I(ν,V) = (8πh/c^{3})(ν^{3}/e^{hν/kT} - 1) ... 1.
where I is the energy per unit volume (energy
density) per unit frequency.
The peak is at λ ~ hc/k_{B}T
The temperature and density variation of the
CMB (δT/T and δρ/ρ) is approximately equal to 10^{-5}.
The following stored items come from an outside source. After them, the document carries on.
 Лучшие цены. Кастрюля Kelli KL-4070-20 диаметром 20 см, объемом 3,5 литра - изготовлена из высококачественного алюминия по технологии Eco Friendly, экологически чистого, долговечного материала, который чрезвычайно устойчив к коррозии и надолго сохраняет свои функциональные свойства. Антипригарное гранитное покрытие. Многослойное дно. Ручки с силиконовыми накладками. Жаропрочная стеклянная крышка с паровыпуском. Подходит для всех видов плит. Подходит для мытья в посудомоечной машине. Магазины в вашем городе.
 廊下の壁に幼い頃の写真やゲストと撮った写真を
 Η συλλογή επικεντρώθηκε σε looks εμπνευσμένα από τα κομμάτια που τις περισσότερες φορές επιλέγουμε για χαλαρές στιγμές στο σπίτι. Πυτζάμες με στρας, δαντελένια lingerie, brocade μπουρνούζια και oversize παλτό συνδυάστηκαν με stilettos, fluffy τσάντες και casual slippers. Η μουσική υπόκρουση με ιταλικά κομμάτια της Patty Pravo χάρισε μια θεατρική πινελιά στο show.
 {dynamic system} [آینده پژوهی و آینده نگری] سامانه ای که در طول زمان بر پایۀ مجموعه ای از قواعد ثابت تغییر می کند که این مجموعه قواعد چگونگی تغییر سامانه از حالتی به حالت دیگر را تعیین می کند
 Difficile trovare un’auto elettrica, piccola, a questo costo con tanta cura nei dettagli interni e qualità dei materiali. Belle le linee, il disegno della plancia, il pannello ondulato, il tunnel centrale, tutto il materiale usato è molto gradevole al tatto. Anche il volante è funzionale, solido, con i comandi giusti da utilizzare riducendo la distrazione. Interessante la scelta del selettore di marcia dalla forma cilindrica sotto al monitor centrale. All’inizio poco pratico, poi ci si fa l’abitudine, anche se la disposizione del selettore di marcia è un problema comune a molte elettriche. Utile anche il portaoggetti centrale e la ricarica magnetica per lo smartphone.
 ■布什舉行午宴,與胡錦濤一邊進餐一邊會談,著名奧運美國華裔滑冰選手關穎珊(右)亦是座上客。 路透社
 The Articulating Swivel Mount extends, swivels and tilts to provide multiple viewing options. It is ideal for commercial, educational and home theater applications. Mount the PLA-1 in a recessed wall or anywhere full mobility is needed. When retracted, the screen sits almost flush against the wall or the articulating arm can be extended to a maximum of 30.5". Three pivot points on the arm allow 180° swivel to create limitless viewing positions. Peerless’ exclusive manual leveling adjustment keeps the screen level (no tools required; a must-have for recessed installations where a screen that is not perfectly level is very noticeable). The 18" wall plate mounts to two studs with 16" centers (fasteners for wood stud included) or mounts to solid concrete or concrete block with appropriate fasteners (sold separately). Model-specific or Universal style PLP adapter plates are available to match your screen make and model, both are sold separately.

Decoupling Temperature and Time
-------------------------------
Prior to the time of decouping, highly energetic
photons prevented electrons and protons from
forming neutral atoms of Hydrogen (and later
Helium). This can be represented by:
H + γ <--> p + e
As the universe cooled, the photons no longer
had enough energy to cause ionization, and
neutral atoms started to form. This caused
a rapid reduction of free electrons, and photons
no were no longer scattered. The result is that
the very first elements starred to form and, in
the process, the universe becomes transparent.
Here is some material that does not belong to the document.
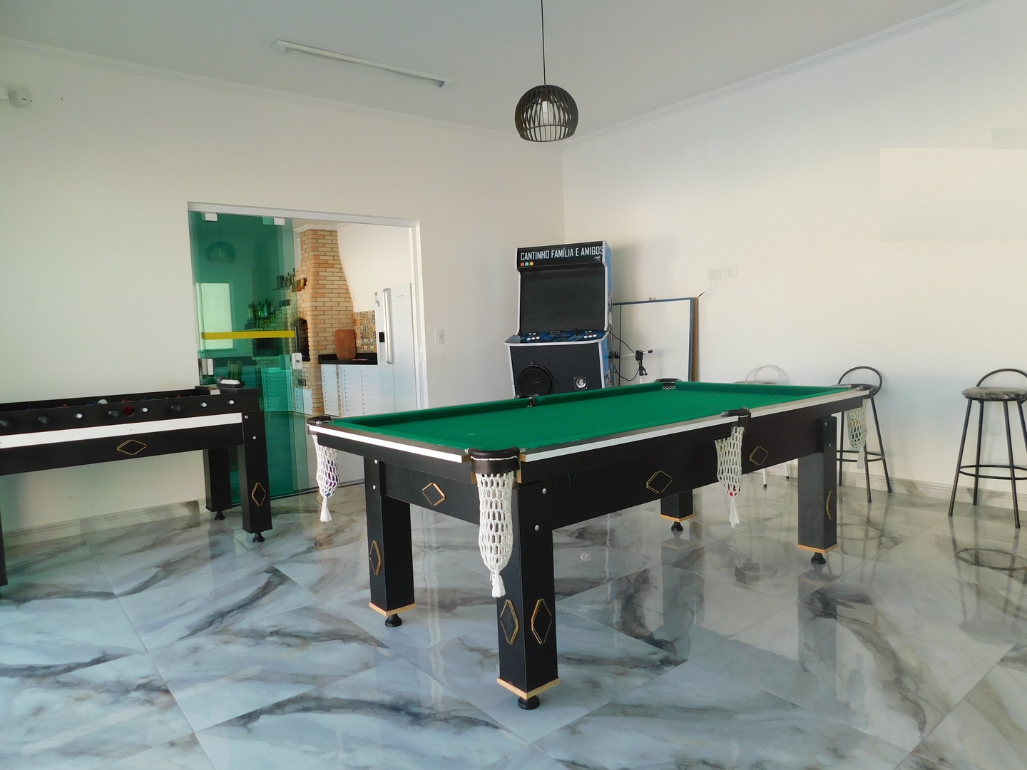 Excelente área gourmet, sala de tv, salão de jogos, jardim e piscina aquecida.
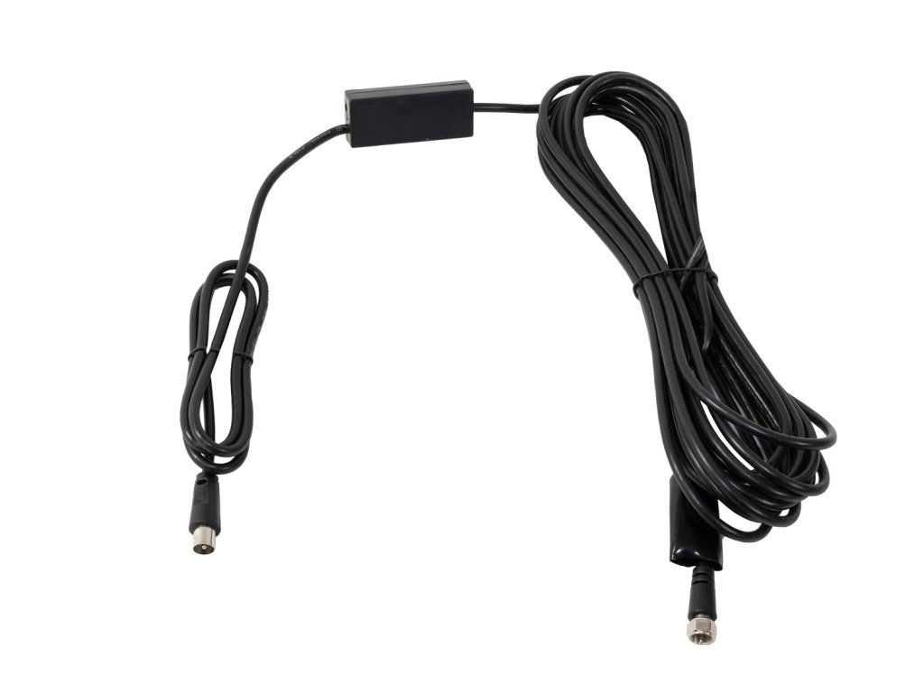 • Aktivní venkovní/pokojová anténa • Pro příjem FM/DAB+/DVB-T2 • Zesilovač, zisk 43 dBi , filtr LTE, 4G, 5G • Napájecí adaptér • Kabel 8+2m IEC male • Redukce F female / IEC male

This process is referred to as DECOUPLING. The
question is at what temperature and time did this
occur?
From Plancks law, the photon number density is
found by dividing equation 1. by the energy, hν,
and integrating from 0 to ∞. Thus,
n_{γ} = (8π/c^{3})∫(ν^{2}/e^{hν/kT} - 1)dν
This is a tricky integral to solve so we shall
just state the result:
n_{γ} = 0.243(k_{B}T/hc)^{3} ... 2.
To get the total energy density we integrate
equation 1. from 0 to ∞.
I = (8πh/c^{3})∫(ν^{3}/e^{hν/kT} - 1)dν
This is another tricky integral that yields:
E_{Total} = (π^{2}/15)(k_{B}T)^{4}/(hc)^{3}
= 0.658(k_{B}T)^{4}/(hc)^{3} ... 3.
This can also be written as:
E_{Total} = αT^{4} = 4σ/c where α is the radiation
constant and σ is Stephan's constant.
Dividing equation 3. by equation 2. gives the
energy of a photon from the CMB:
E_{γ} ~ 2.7k_{B}T
We next consider the SAHA equation which describes
the degree of ionization of a plasma as a function
of the temperature, density, and ionization energies
of the atoms. The Saha equation follows directly
from the Boltzmann distribution.
(1 - X)/X = n_{p}(k_{B}Tm_{e}/2πh^{2})^{-3/2}exp(Q/k_{B}T)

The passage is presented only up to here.